具有硅纳米晶壳层的银纳米颗粒及其抗菌活性。

Silver nanoparticles stabilized with a silicon nanocrystal shell and their antimicrobial activity.

作者信息

Inoue Asuka, Sugimoto Hiroshi, Fujii Minoru

机构信息

Department of Electrical and Electronic Engineering, Graduate School of Engineering, Kobe University Rokkodai, Nada Kobe 657-8501 Japan

出版信息

RSC Adv. 2019 May 15;9(27):15171-15176. doi: 10.1039/c9ra02559f. eCollection 2019 May 14.

DOI:10.1039/c9ra02559f

PMID:35514861

原文链接:https://pmc.ncbi.nlm.nih.gov/articles/PMC9064261/

Abstract

The antimicrobial activity of a hybrid nanoparticle (NP) composed of a silver (Ag) NP core decorated with silicon (Si) nanocrystals (NCs) on the exterior (Ag/Si NPs) is evaluated. The shell of Si NCs effectively protects the surface of Ag NPs, thus the particles are more stable in water and in air compared to conventional organic-capped Ag NPs. The bacterial growth kinetic analysis reveals that the Si NC shell does not suppress the release of Ag ions from the Ag NP surface due probably to the porous structure. For the antimicrobial coating application, a thin film of the hybrid Ag/Si NPs is produced by drop coating the solution on a cover glass. Thanks to the Si NC shell, agglomeration of Ag NPs in the film is prevented and the film shows a very similar optical absorption spectrum to that of the solution.
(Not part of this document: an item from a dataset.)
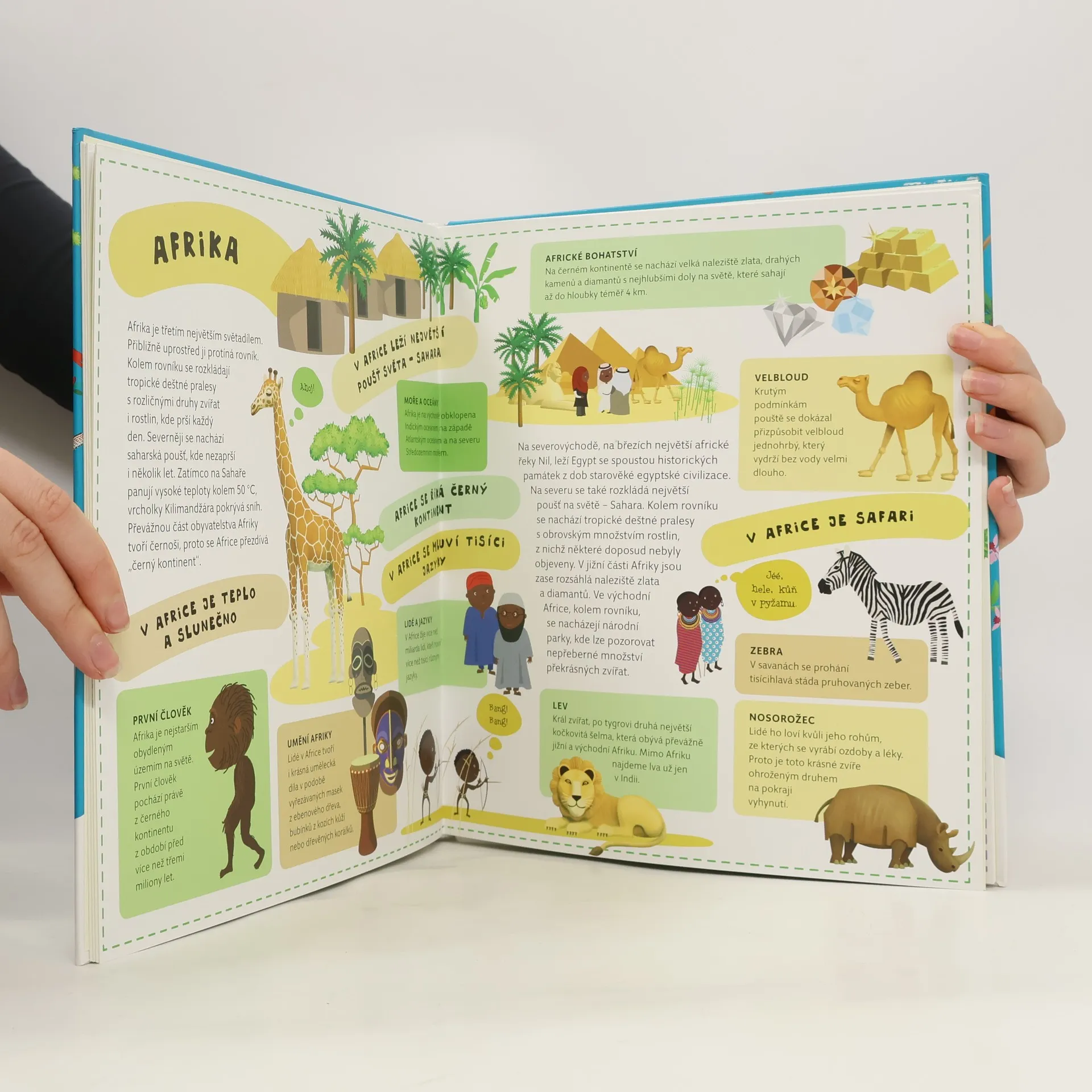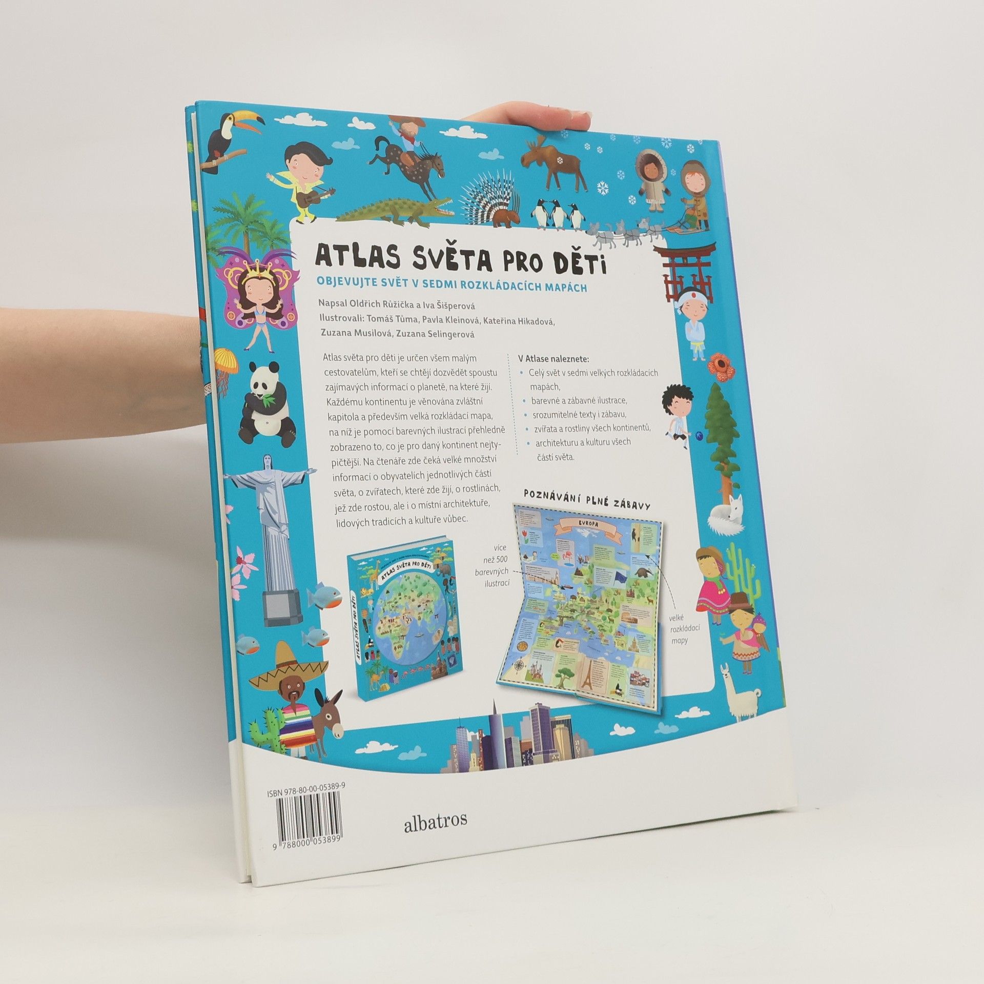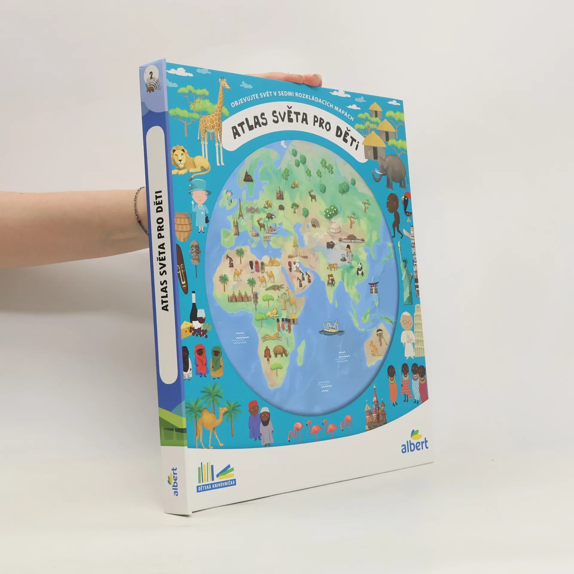 Atlas světa pro děti je určen všem malým cestovatelům, kteří se chtějí dozvědět spoustu zajímavých informací o planetě, na které žijí. Každému kontinentu je věnována zvláštní kapitola a především velká rozkládací mapa, na níž je pomoci barevných ilustrací přehledně zobrazeno to, co je pro daný kontinent nejtypičtější. Na čtenáře zde čeká velké množství informací o obyvatelích jednotlivých částí světa, o zvířatech, které zde žijí, o rostlinách, jež zde rostou, ale i o místní architektuře, lidových tradicích a kultuře vůbec. V Atlase naleznete celý svět v sedmi velkých rozkládacích mapách, patnáct vložených sešitků plných dalších podrobností a informací, barevné a zábavné ilustrace, srozumitelné texty i zábavu, zvířata a rostliny všech kontinentů, architekturu a kulturu všech částí světa.

The film exhibits a larger zone of inhibition in an agar diffusion assay of compared to a film produced from organic-capped Ag NPs.

摘要

评估了一种杂化纳米颗粒（NP）的抗菌活性，该颗粒由银（Ag）NP核和外部装饰有硅（Si）纳米晶体（NCs）组成（Ag/Si NPs）。Si NCs壳有效地保护了Ag NPs的表面，因此与传统有机包覆的Ag NPs相比，这些颗粒在水和空气中更稳定。细菌生长动力学分析表明，Si NC壳可能由于多孔结构而不会抑制Ag离子从Ag NP表面的释放。对于抗菌涂层应用，通过将溶液滴涂在盖玻片上来制备杂化Ag/Si NPs薄膜。由于Si NC壳，防止了薄膜中Ag NPs的团聚，并且该薄膜显示出与溶液非常相似的光学吸收光谱。与由有机包覆的Ag NPs制成的薄膜相比，该薄膜在琼脂扩散试验中表现出更大的抑制圈。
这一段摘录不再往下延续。